Outro caso muito conhecido foi a morte de Joana D’Arc que, de cabelo curto e roupas masculinas, liderou um exército francês quando a França ainda vivia sob domínio inglês. Ao ser capturada e vendida para a Inglaterra, ela foi julgada e acusada de bruxaria e heresia. Até mesmo sua virgindade foi questionada.
Em 1431, com 19 anos, Joana D’Arc foi queimada viva em uma fogueira enquanto a plateia que assistia ao fogo se espalhar pelo seu corpo gritava palavras como “bruxa” e “mentirosa”. Ela, por outro lado, só pronunciava “Jesus! Jesus! Jesus” até não ser capaz de falar mais. Cinco séculos depois, a Igreja Católica reconsiderou a história da heroína e autorizou a beatificação de Joana D’Arc que, atualmente, é também vista como uma santa.
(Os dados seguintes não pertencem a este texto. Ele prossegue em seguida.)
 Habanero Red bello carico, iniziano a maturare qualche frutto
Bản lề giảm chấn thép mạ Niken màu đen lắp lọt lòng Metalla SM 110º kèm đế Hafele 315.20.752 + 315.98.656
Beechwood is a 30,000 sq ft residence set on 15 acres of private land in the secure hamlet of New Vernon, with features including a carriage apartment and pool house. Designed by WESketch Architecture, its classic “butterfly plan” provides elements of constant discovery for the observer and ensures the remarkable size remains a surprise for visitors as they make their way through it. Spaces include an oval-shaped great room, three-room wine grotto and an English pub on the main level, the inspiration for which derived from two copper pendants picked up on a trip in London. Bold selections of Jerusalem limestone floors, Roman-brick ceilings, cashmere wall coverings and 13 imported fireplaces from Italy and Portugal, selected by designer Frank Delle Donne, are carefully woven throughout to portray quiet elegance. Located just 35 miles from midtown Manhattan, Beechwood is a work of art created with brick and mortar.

Mas, afinal, o que fazia as mulheres serem consideradas bruxas naquele período? Embora eles reconhecessem como “práticas ligadas ao Diabo”, as atividades de bruxaria das mulheres eram apenas coisas que os homens não conseguiam entender e explicar. Entre elas, os segredos das curandeiras e parteiras que escapavam da compreensão da ciência precária da época, ervas e remédios caseiros para curar doenças, além de características do comportamento e do corpo feminino, como a sexualidade, menstruação, capacidades intuitivas e fertilidade.
Na verdade, várias atividades femininas eram entendidas como práticas de bruxaria. Grupos de mulheres que se reuniam para compartilhar conhecimentos medicinais (que, para as mais pobres, era a única opção de atendimento) e outras experiências eram identificados como uma reunião de bruxas. Além disso, mulheres que tentavam realizar grandes feitos sozinhas sem um homem também eram vistas como imorais. Neste período, as bruxas eram desde idosas com alguma deficiência física ou mental até mulheres bonitas e jovens que haviam ferido o ego de homens poderosos ou despertado desejo em padres celibatários – o que, para eles, era uma obra de “um pacto com o demônio”.
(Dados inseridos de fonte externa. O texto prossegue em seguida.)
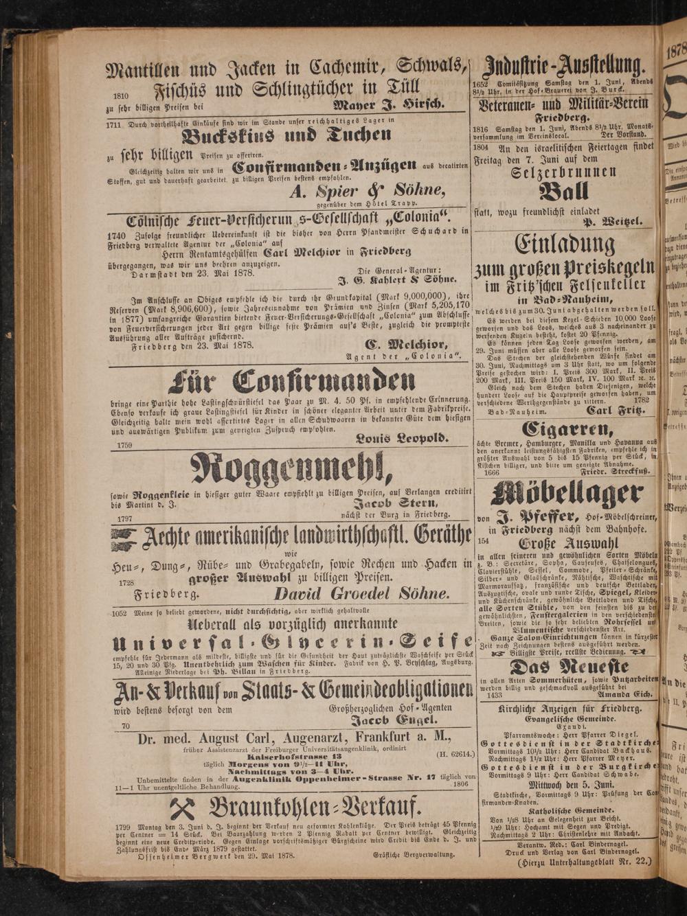 Tölnische Feuer-Versicherun s-Gesellschaft alone, en en ng 5 Weitzel 1740 Zufolge freundlicher Uebereinkunft ist die bisher von Herrn Pfandmeister Schuchard in 5 8 2 5 l Friedberg verwaltete Agentur der„Colonia“ auf E adun 0 usnttlson Herrn Rentamtsgehülfen Carl Melchior in Friedberg 11 9 f in dien übergegangen, was wir uns beehren anzuzeigen. 4 5 inmtrage Darmstadt den 23. Mai 1878. Die General- Agentur: zum Ir oßen Preiskegeln u bithe J. G. Kahlert& Söhne.; e a f A De im Fritz'schen Felsenkeller Im Anschlusse an Obiges empfehle ich die durch ihr Grundkapital(Mark 9,000,000), ihre in Bad⸗N 5 Reserven(Mark 8,906,600), sowie Jahreseinnahme von Prämien und Zinsen(Mark 5,205,170 in ad⸗Nauheim, Jann di in 1877) umfangreiche Garantien bietende Feuer- Versicherungs-Gesellschaft„Colonia“ zum Abschlusse Werbe es zum 30. Jun abgehalten werden soll. vid, v von Feuérversicherungen jeder Art gegen billige feste Prämien auf's Beste, zugleich die prompteste Es werden bei diesem Kegel⸗Schieben 10000 Loose 2 8 geworfen und das Loos, welches aus 3 nacheinander zu Ausführung aller Austräge zusichernd. 4 werfenden Kugeln besteht, kostet 20 Pfennig. 1 stagl. ö Friedberg den 23. Mai 1878. C. Melchior, Es können jeden Tag Loose geworfen werden, am als De A d 8 l 1 727 29. Juni müssen aber alle Loose geworfen sein. gent er„ Eolon fa“. Das Stechen der gleichstehenden Würfe findet am äh
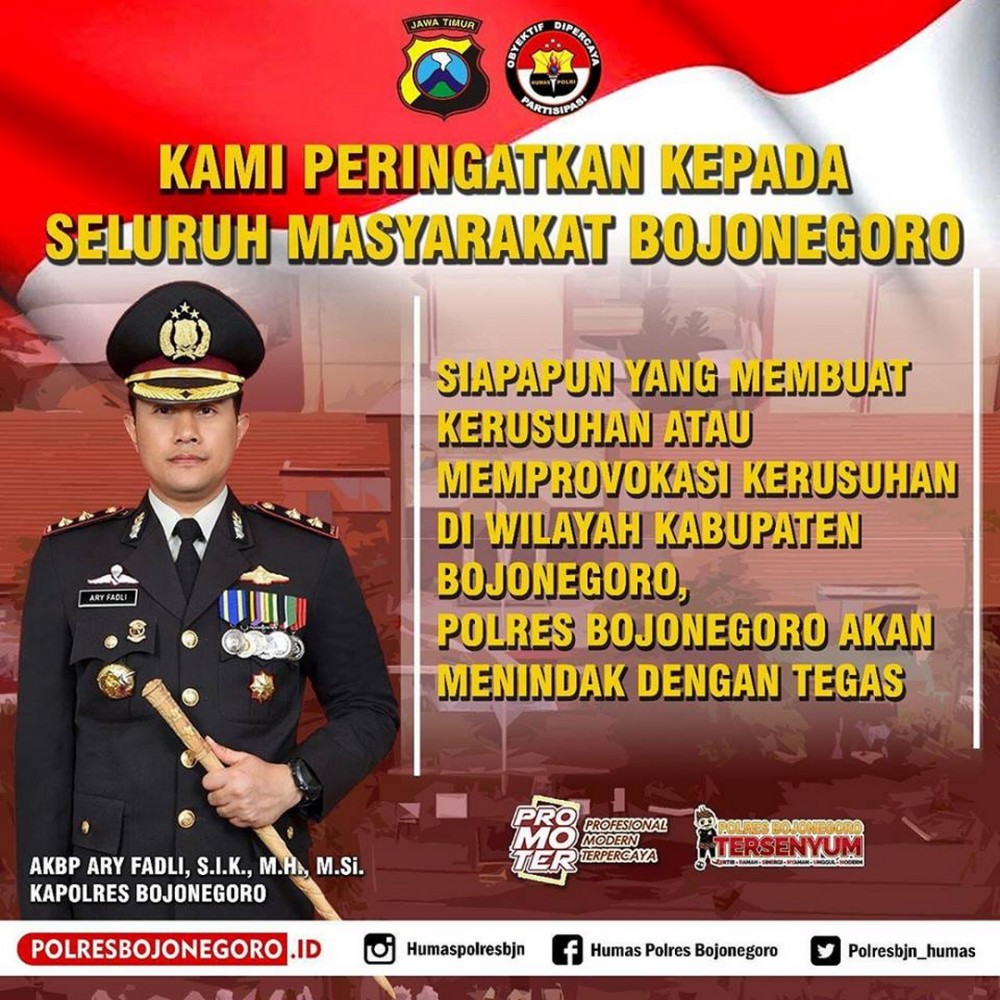 Adapun bunyi Maklumat Kapolres Bojonegoro tersebut berbunyi sebagai berikut:
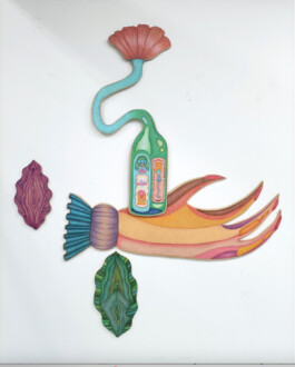 Jury: “Renske de Jong’s flashy fingers and glossy long nails seem to show us the way to her installation with objects and drawings. Everything seems to point out a colourful female body, sweet and attractive, but take care … there might be a layer of a different kind in the work.”
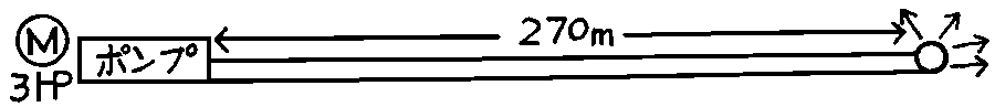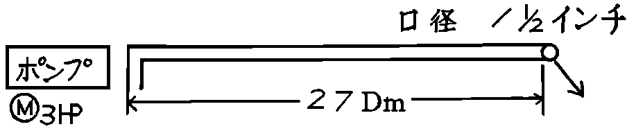 3HPのモートルを利用し各供試機がそれぞれ、同時に尿溜にサクションホースを投入し、(汲上揚程56~230㎝)ポンプアップを行い、平地270mをポリエチレンホース(径38㎜)で圧送し、末端から吐出せしめる。
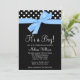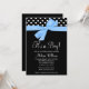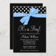 Um convite azul e preto à moda do chá de fraldas. Caracterizando bolinhas e um gráfico azul do arco. Aperfeiçoe para um chá de fraldas do rapaz pequeno. Na moda e bonito. Personalize facilmente para seu partido! O design é ilustrações/gráficos impressos plano - FITA NAO REAL.
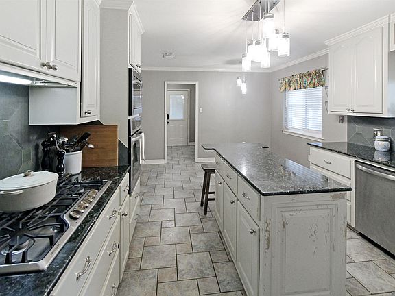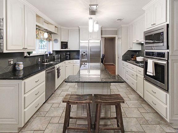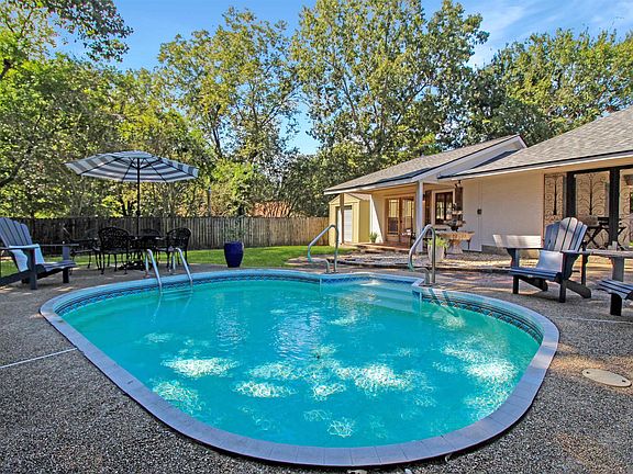 Beautiful 4 Bedroom 2.5 Bath home with POOL & approx 400sqft MANCAVE, gameroom, POOL HOUSE, Fitness Room or more! FRESHLY PAINTED white brick home with GAS LATERNS at front entry and gated driveway. Wonderful Kitchen features SLAB GRANITE countertops, stainless appliances including 5 burner GAS COOKTOP and lots of cabinets. Nice Den with FIREPLACE and great built-ins. Generously sized Master Suite has CUSTON WALK-IN SHOWER, soaking tub, dual sinks and large WALK-IN CLOSET. Cocktail Pool, rear porch, extended patio , BONUS SOACE and separate storage/workshop makes for a great outdoor space!!
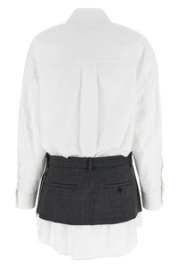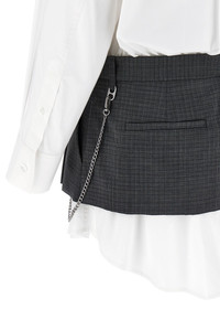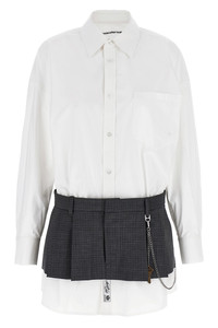 cod. 1WC3256791964A 'Pre-Styled Shirt Dress W Chain' cotton dress, oversized shirt model with overlapping skirt, shirt with front button closure, breast pocket with tone-on-tone embroidered logo, long sleeves with cuffs and dropped shoulder and mini skirt in flounced melange wool, zip hook and front button closure, pockets, chain with removable charm. Color: Multicolor Size & Fit: true to size fit - US sizing Composition: 100% cotton Made in: China

As mulheres acusadas de bruxaria eram presas, mas passavam por um julgamento antes da sentença de punição. Na tentativa de obter a confissão do crime (ser uma bruxa), os inquisidores torturavam essas mulheres de diversas formas cruéis para forçá-las a assinar a confissão em um documento. Aquelas que decidiam confessar seus atos de bruxaria eram estranguladas antes de terem seus corpos queimados – uma morte com mais misericórdia, para eles. Já as mulheres que insistiam na inocência eram queimadas vivas em fogueiras, geralmente em praças públicas.
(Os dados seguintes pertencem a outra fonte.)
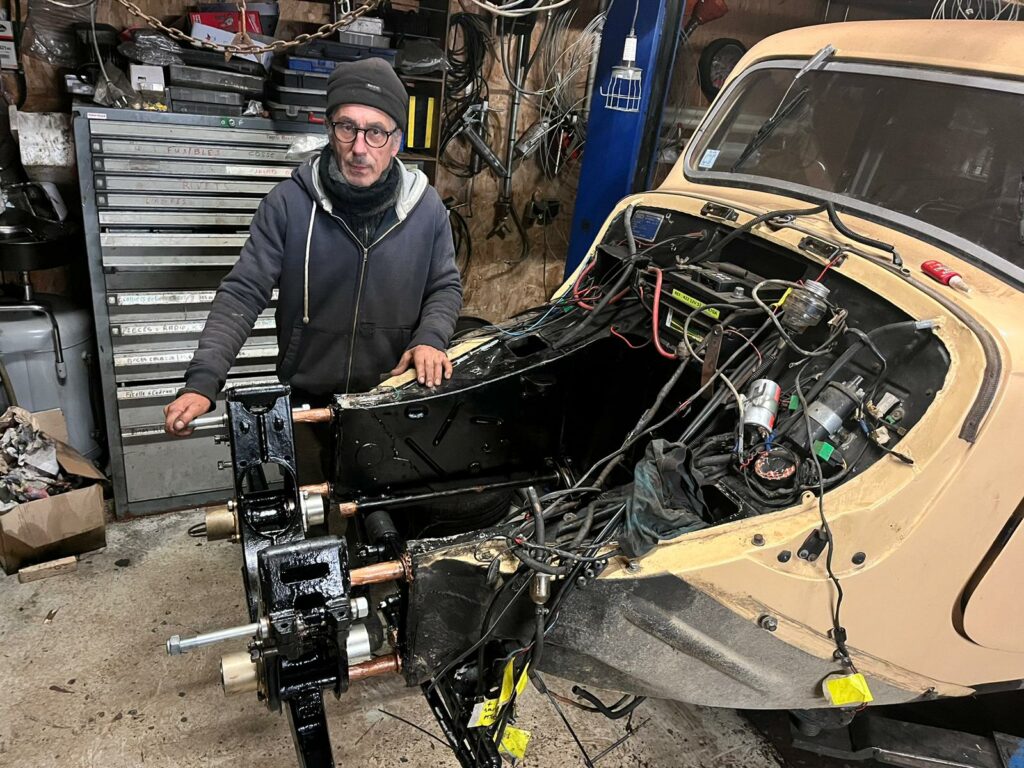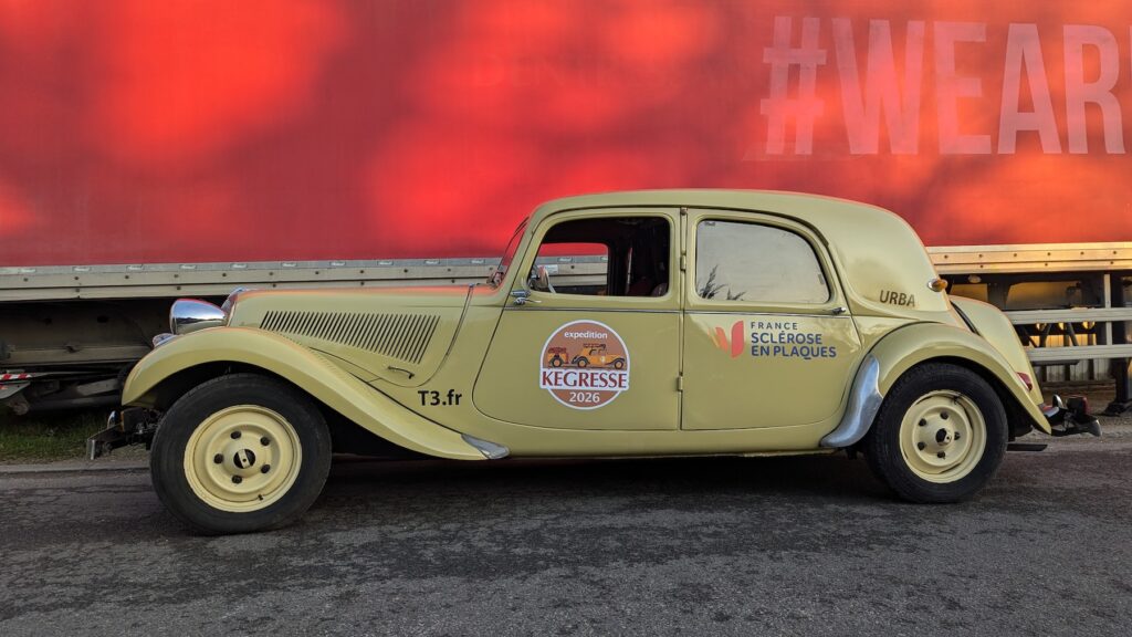 URBA est une 11B de 1956 que notre ami Bernard conduit depuis de longues années sur les routes de France et de Navarre. Il a déjà été jusqu’au Cap Nord avec et cette auto a été la première prête pour participer à l’expé KEGRESSE. Elle a été repeinte au printemps dernier chez notre ami Jeff Rosier et c’est l’auto qui nous sert à tester différents accessoires tels que système de chauffage, nouveau concept de levier de vitesse, amortisseurs arrière KONI optimisés, aménagement intérieur, etc… Il ne lui manque plus que sa galerie de toit KEGRESSE sur mesure dont le design spécifique à l’expédition est prêt et dont la série limitée de 5 sera produite à l’automne.
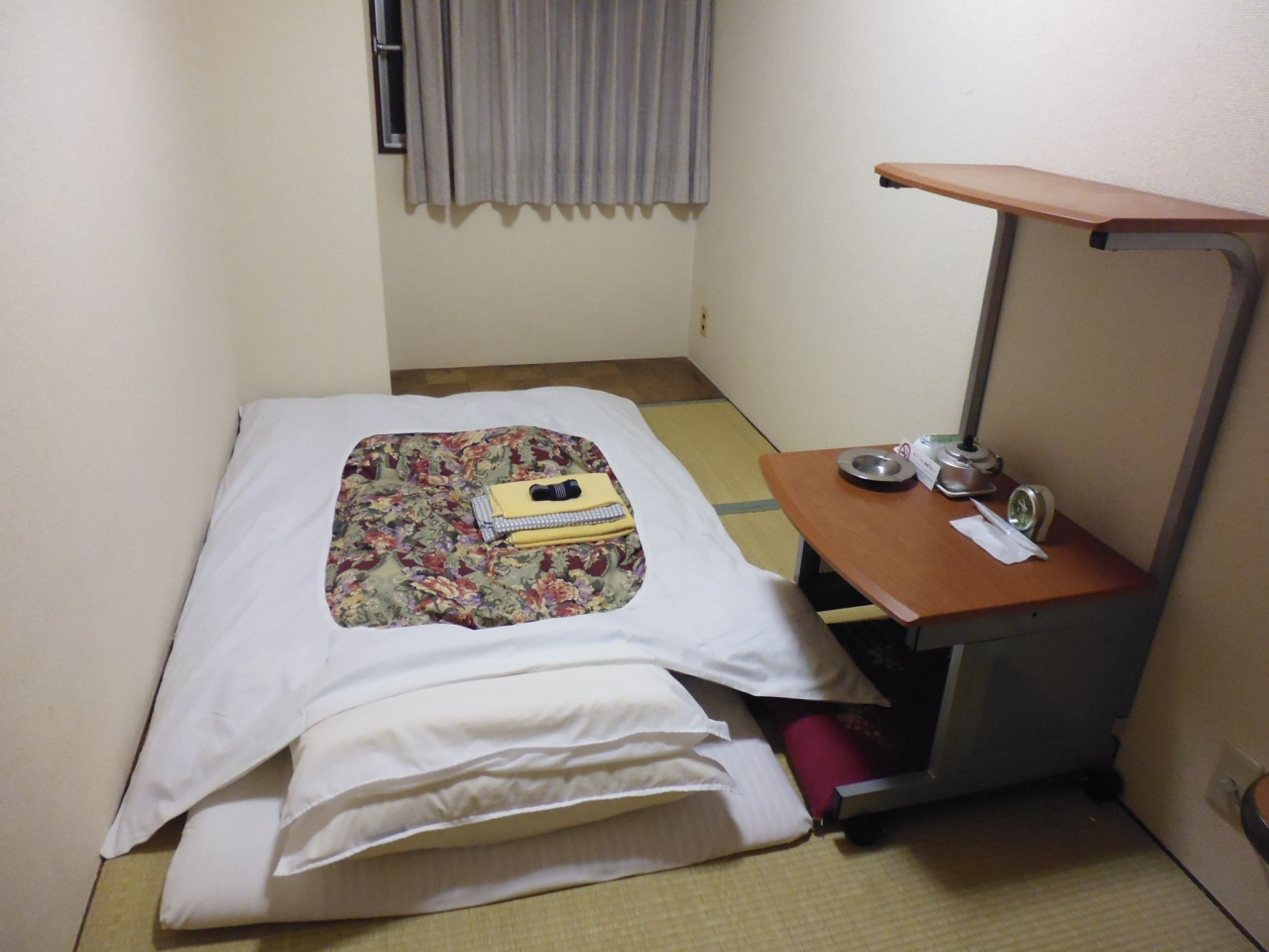 上野駅で山手線の電車を降りてから,徒歩で15分ほどでした.洗面所,トイレ,風呂は共同でした.禁煙部屋を予約できず,喫煙部屋でした.仕方ないのかもしれませんが,チェックイン後,初めてはいった時は臭いが結構気になりました.お風呂には下駄箱がなく,入浴後に履いたスリッパが誰のか,わからなくなります.部屋は和室3畳+板間で,仕事はしにくかったです.ティッシュは部屋になく,フロントでポケットティッシュをもらいました.1階の共用スペースに,電子レンジ,パソコンなどがありました.入室時,すでに布団が敷いてありました.これがかなりのせんべい布団.直接畳の上で寝るのと大差ない感じでした.

Por isso, as bruxas retornaram como ícones do movimento feminista: por terem sido mulheres livres, inteligentes e à frente de seu tempo. Mas, acima de tudo, por terem sido injustiçadas e assassinadas por serem mulheres. Estudiosos afirmam que a caça às bruxas foi um verdadeiro genocídio de gênero, contra o sexo feminino. Do ponto de vista feminista, as bruxas afrontavam o patriarcado e o poder da Igreja ao manifestarem seus conhecimentos medicinais, suas atuações nas comunidades, suas lutas para realizar feitos pessoais. As mulheres mortas acusadas de bruxaria foram nada mais do que vítimas do patriarcado, que era ainda pior naquela época, representando resistência, luta e rebeldia.
Enfim, é por isso que “somos as netas das bruxas que eles não conseguiram queimar”. Fight like a witch e #HappyHalloween!